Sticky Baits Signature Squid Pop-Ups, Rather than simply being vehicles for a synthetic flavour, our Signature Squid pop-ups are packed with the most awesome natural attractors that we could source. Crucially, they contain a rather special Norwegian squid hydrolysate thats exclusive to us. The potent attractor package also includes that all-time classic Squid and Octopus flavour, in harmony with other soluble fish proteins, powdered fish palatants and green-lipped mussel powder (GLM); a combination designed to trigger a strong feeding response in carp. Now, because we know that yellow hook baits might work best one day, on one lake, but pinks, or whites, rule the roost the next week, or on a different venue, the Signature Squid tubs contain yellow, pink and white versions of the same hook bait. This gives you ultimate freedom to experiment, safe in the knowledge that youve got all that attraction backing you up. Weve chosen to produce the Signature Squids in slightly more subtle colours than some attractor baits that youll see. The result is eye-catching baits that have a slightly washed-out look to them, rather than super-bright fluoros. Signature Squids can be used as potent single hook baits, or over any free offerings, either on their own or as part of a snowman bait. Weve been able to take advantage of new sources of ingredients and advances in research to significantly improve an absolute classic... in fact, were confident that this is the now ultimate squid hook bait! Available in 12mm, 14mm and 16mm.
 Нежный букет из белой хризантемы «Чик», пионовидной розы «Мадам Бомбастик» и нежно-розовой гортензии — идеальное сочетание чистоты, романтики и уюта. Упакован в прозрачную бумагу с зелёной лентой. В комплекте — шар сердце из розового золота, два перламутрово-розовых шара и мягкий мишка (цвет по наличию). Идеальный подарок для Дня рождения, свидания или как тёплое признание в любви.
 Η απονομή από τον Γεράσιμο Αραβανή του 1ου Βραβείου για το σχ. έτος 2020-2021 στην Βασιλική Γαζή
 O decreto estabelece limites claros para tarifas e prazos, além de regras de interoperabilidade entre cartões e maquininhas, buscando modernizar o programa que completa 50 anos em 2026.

* * *

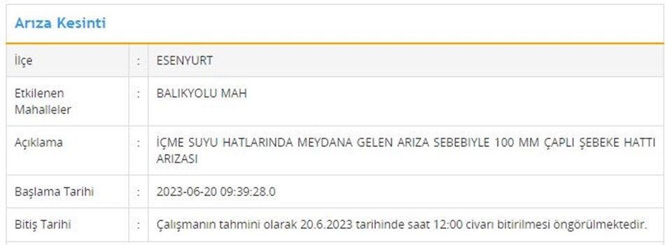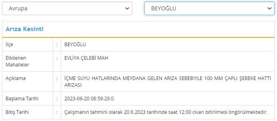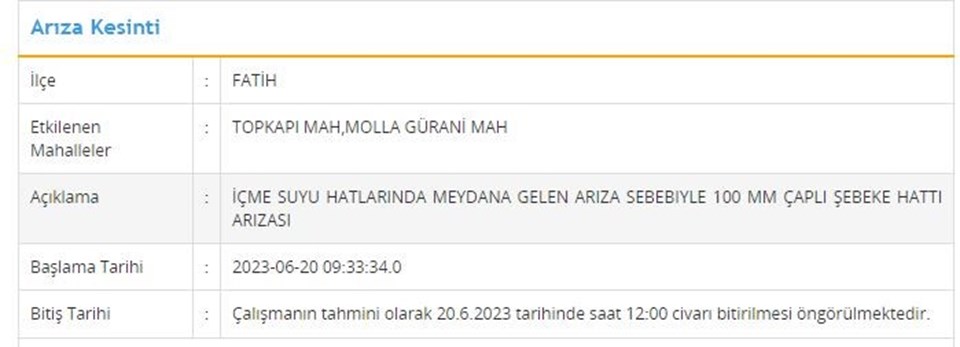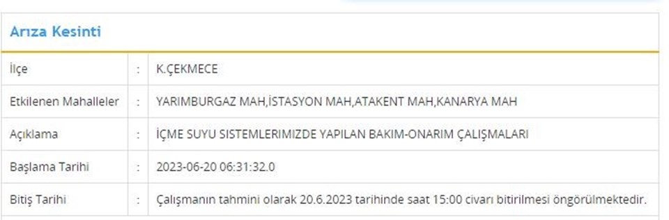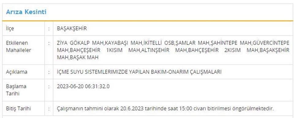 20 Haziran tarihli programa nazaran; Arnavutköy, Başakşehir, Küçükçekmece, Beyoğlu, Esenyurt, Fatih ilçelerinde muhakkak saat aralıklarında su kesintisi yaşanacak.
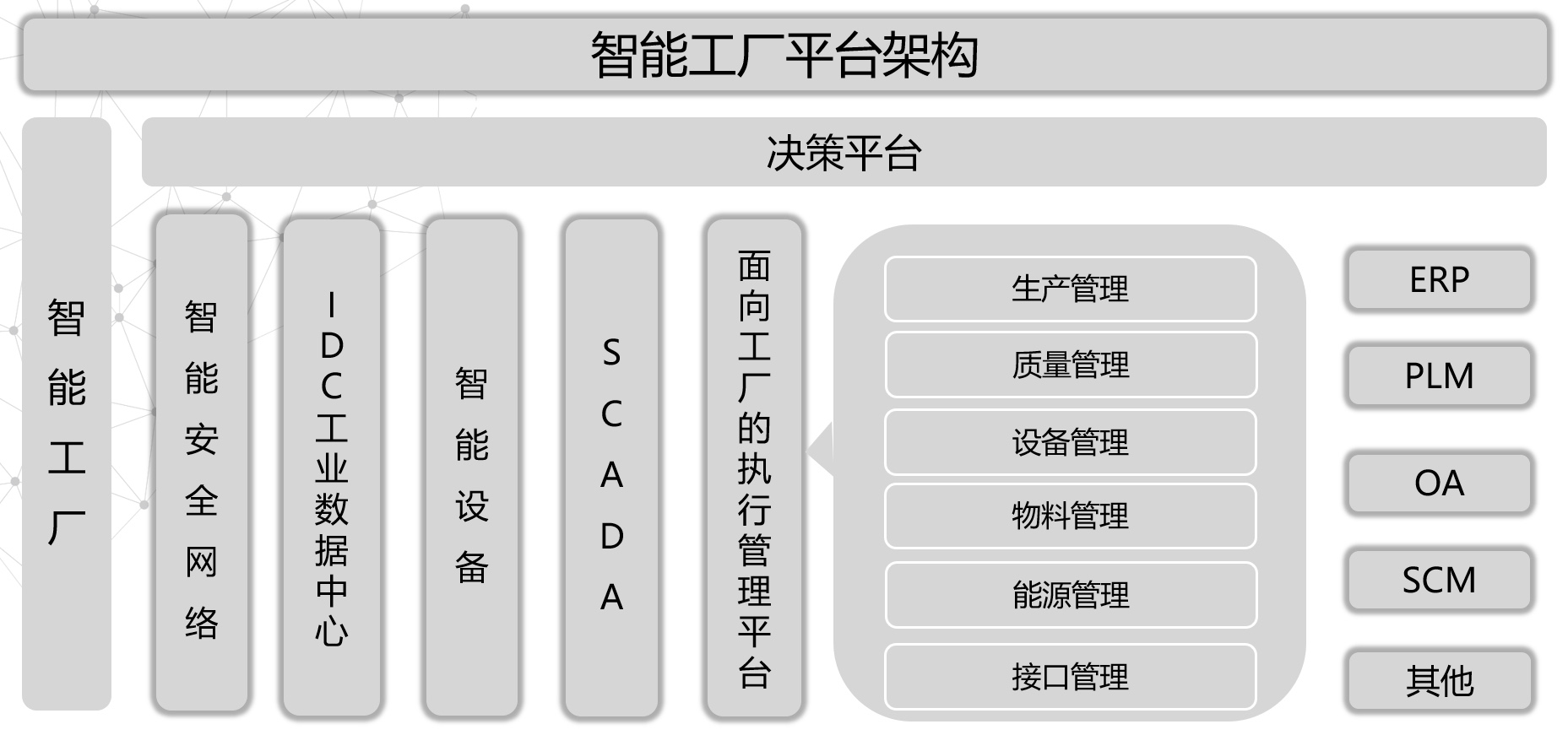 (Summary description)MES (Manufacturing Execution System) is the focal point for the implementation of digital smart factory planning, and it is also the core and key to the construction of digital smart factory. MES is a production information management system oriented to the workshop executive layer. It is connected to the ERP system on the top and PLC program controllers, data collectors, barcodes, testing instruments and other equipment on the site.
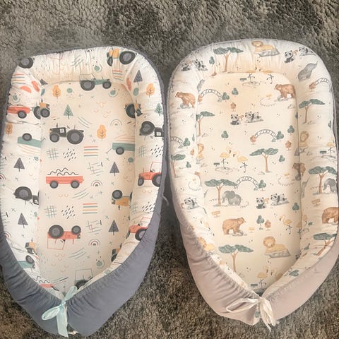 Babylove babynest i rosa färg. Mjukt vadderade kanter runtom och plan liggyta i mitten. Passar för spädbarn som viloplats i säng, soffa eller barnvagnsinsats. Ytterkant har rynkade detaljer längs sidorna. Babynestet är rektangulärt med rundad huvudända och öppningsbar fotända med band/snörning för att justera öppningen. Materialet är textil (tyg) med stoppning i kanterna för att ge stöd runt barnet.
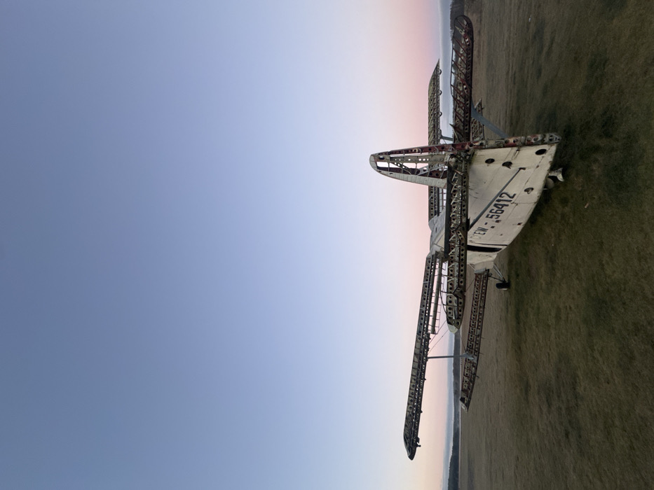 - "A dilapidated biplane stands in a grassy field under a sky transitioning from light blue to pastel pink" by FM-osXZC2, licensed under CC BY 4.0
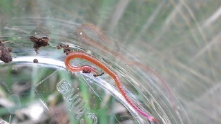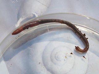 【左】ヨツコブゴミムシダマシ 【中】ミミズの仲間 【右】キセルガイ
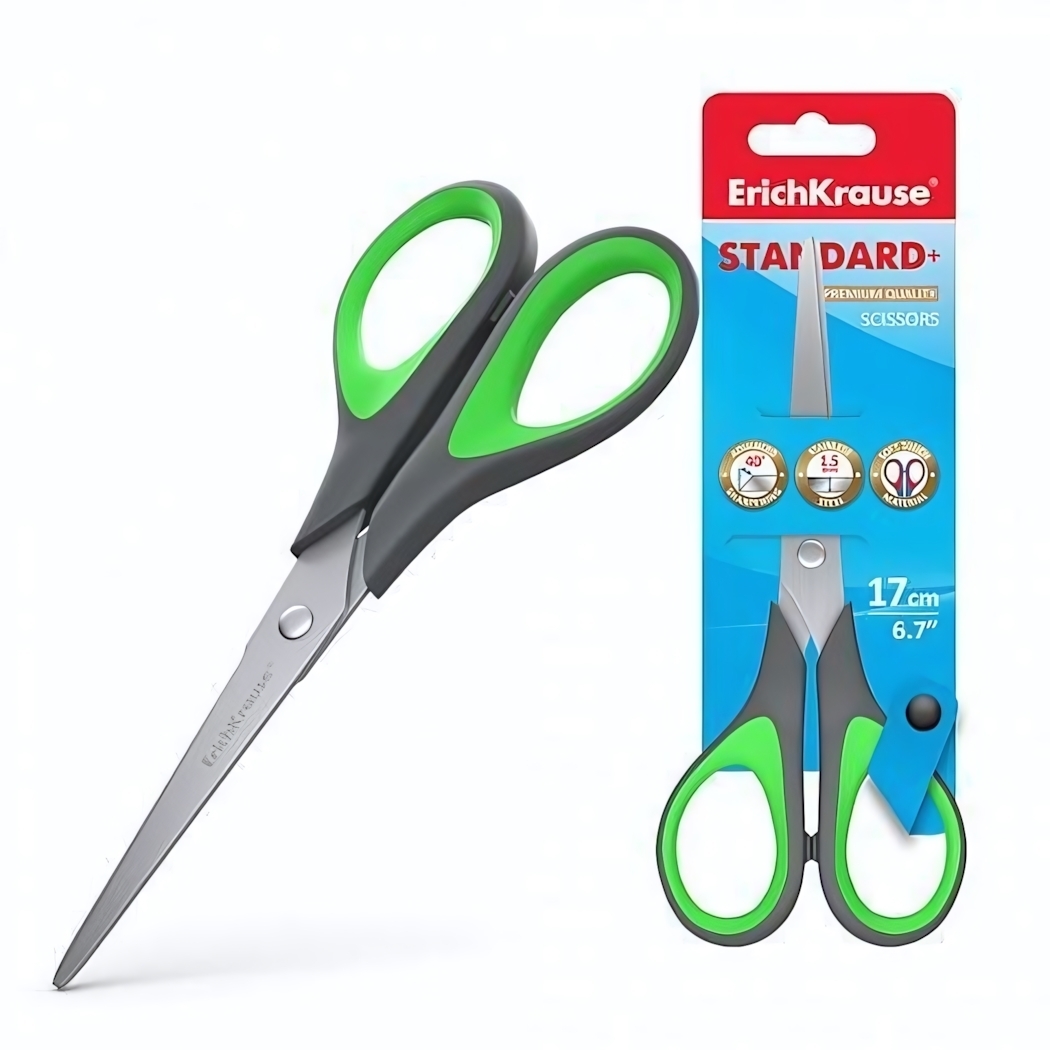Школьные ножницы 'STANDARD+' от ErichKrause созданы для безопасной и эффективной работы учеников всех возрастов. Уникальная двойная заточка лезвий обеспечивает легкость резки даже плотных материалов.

---

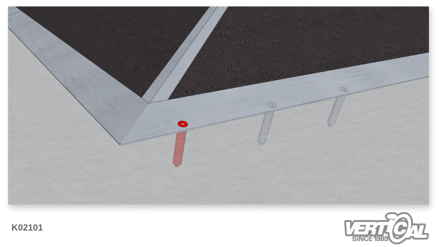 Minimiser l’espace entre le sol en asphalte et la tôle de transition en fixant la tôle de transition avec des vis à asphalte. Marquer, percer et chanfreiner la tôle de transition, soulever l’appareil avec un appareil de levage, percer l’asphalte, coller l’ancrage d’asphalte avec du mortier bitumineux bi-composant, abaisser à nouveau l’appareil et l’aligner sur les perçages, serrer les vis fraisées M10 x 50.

* Your instructions: Taking the entries above, print exactly the lines starting at the line with "Η απονομή από" and ending at the line with "O decreto estabelece", both included.

* Result of the exercise:
 Η απονομή από τον Γεράσιμο Αραβανή του 1ου Βραβείου για το σχ. έτος 2020-2021 στην Βασιλική Γαζή
 O decreto estabelece limites claros para tarifas e prazos, além de regras de interoperabilidade entre cartões e maquininhas, buscando modernizar o programa que completa 50 anos em 2026.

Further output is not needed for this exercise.